I am adding IdentityServer3 on to an existing website (NopCommerce to be specific). It has it's own registration and authentication system, but we need to also offer OpenID Connect so that a back end application can be integrated. Calls to the back end need to have an id_token for the current user that the back end validates to confirm the identity.
I've found information about how to use an existing membership database to provide the user data for IdentityServer3 to check, however I am bit stuck on how to generate the id_token for each user. I guess the obvious answer is to replace the website login with IdentityServer, however that raises further issues for the rest of the project. Ideally I'd like the user to log in as normal and then call a method in IdentityServer to generate the id_token.
Is this possible?

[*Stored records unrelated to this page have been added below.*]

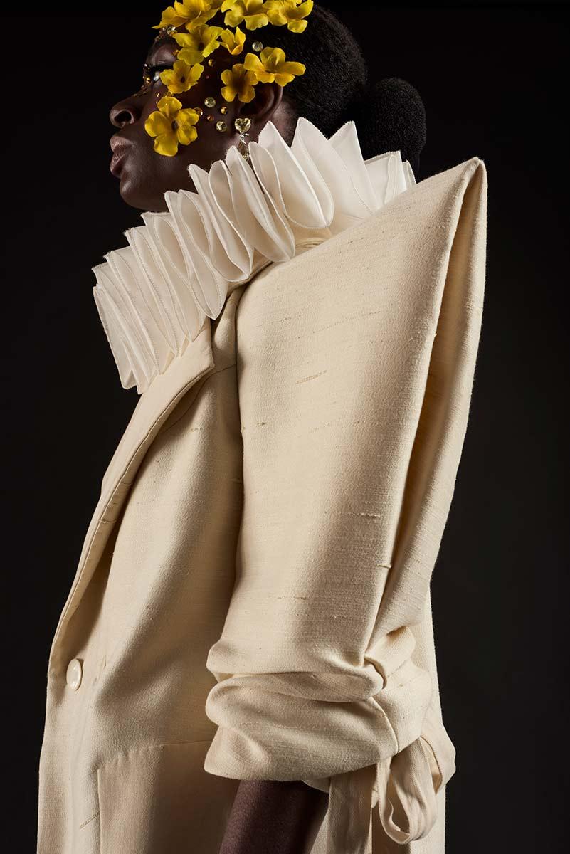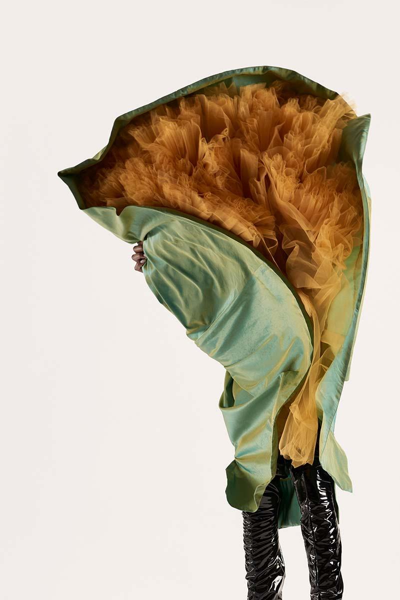 The work of Winklaar (1983, Willemstad) is characterised by feminine forms, a mix of textures and the use of crafts. Within the collection being exhibited, this is reflected in the use of spiral ribbing, high-quality embroidery and hand-painted flowers. Sustainability is also important to him—he likes to use what are deemed leftover materials from the textile industry. Winklaar draws inspiration for his garments from both the Dutch fashion scene and the colourful culture and nature of Curaçao.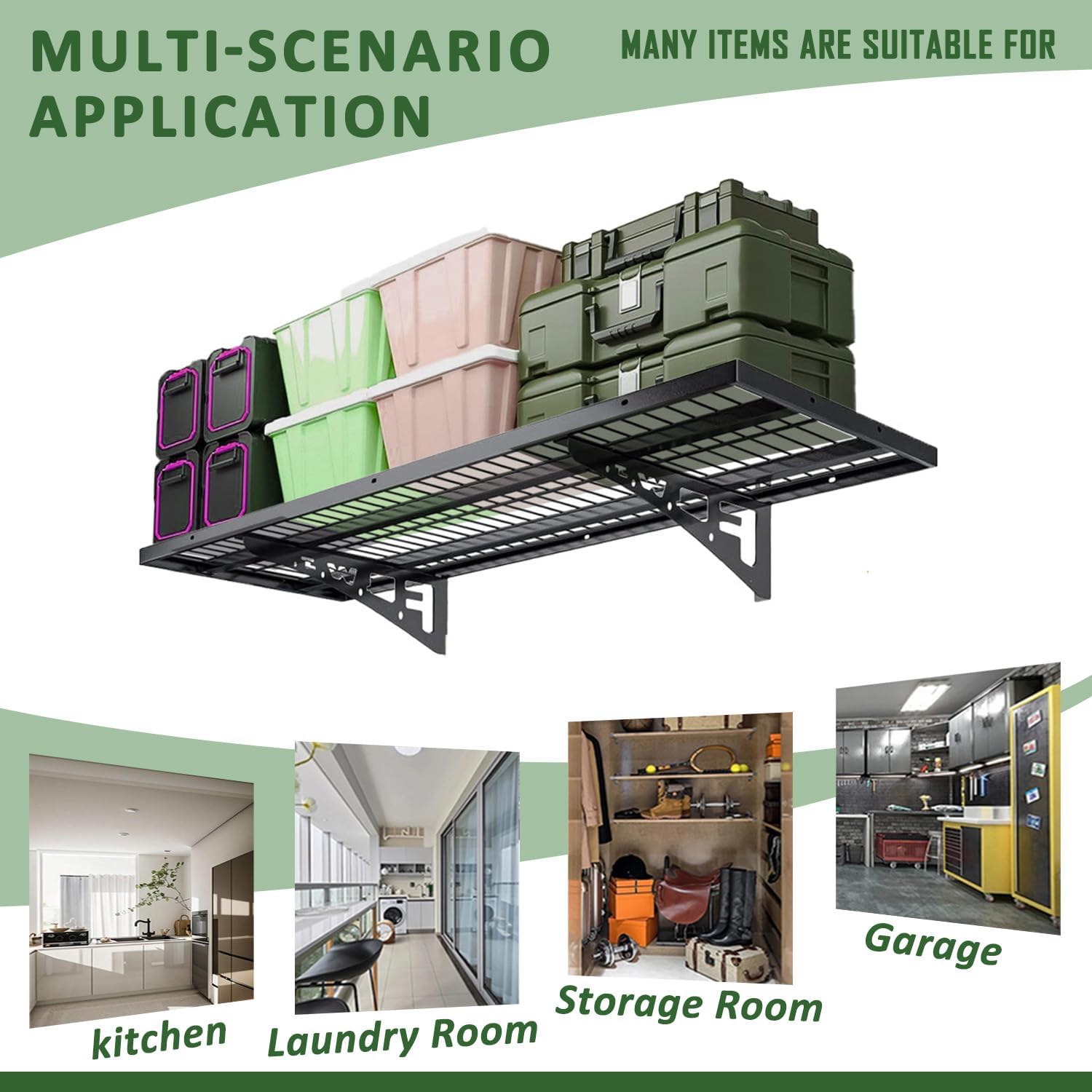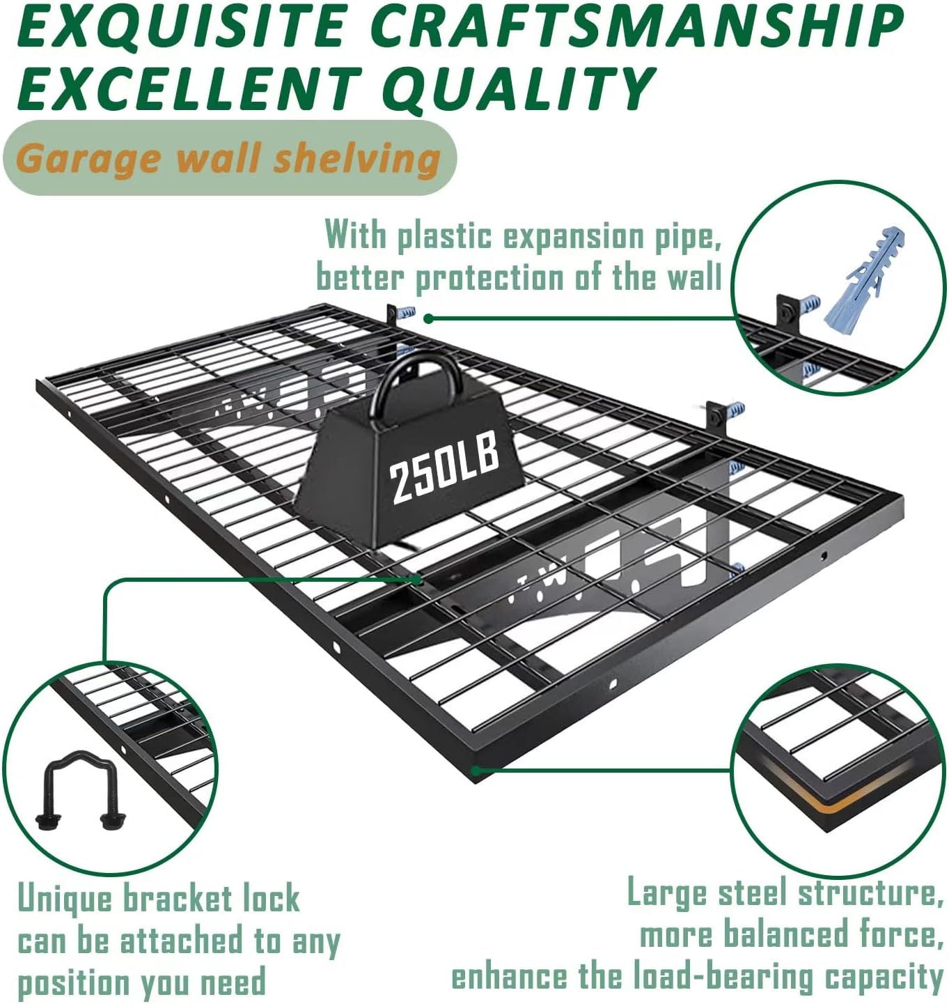 - UNIQUE DESIGN: The surface of the garage wall shelving is made of ‘high temperature powder coating’ process, which makes the surface smoother and more durable, and the edges are also wrapped to avoid scratches.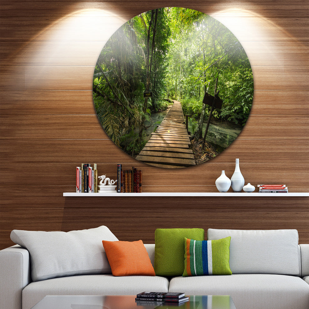 Forest Way To Emerald Pool, Landscape Photo Disc Metal Artwork, 36"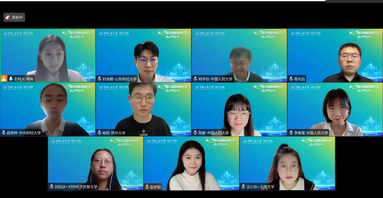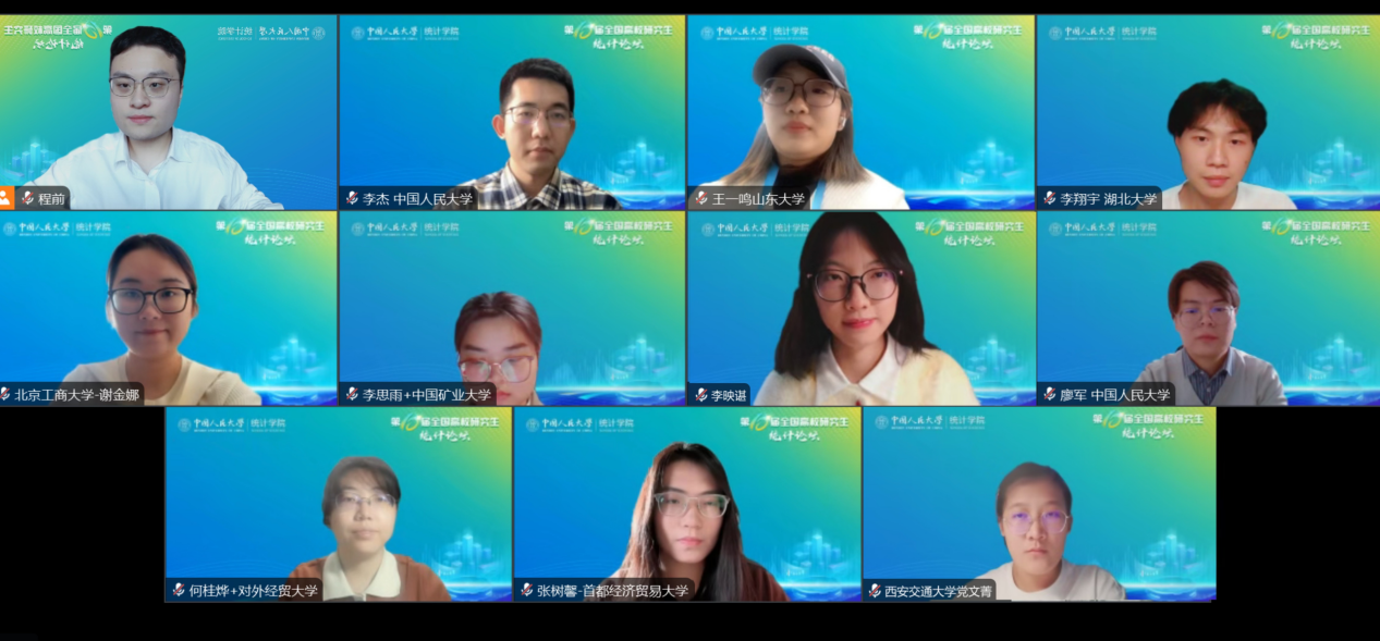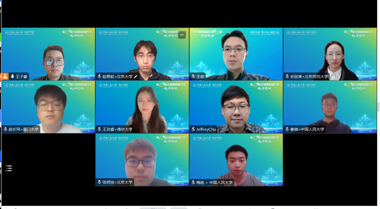 现场互动下午,数理统计、经济社会统计、风险管理与精算、生物统计与流行病学、数据科学与大数据统计分论坛在线上举行。各入选论文作者代表分别进行报告,并与点评老师和其他参会者开展深入热烈的讨论,这一举措有效促进了各高校统计师生的学术交流,为学生提供了高质量的学习成长机会。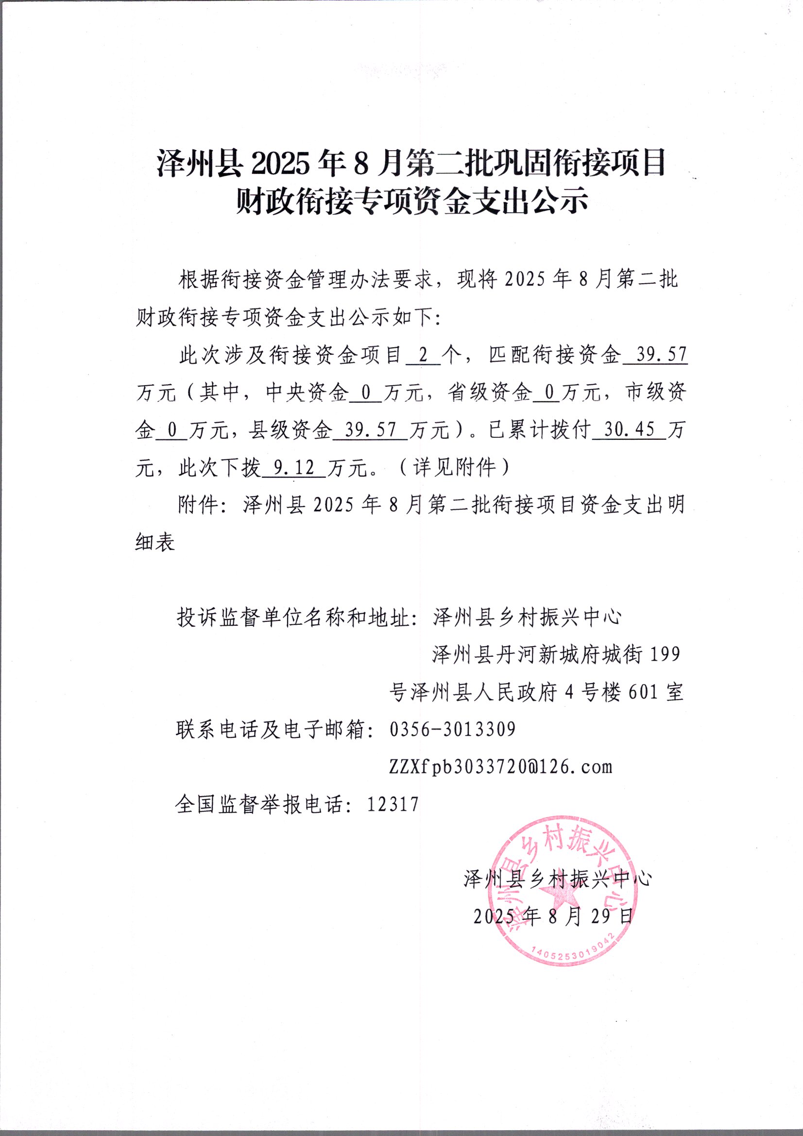 澤州縣2025年8月第二批鞏固銜接項目 財政銜接專項資金支出公示

I've been hunting around, but can't find anything so far. The best I found was an answer to programmatically sign in to identityserver3. I think it's suggesting making a HTTP post to IdentityServer, but it feels kind of hacky.
I also found Implementing OAuth 2.0 and OpenId Connect provider using IdentityServer3 with existing login server and membership provider, but I have to admit it's assuming quite a bit of knowledge I don't have (yet).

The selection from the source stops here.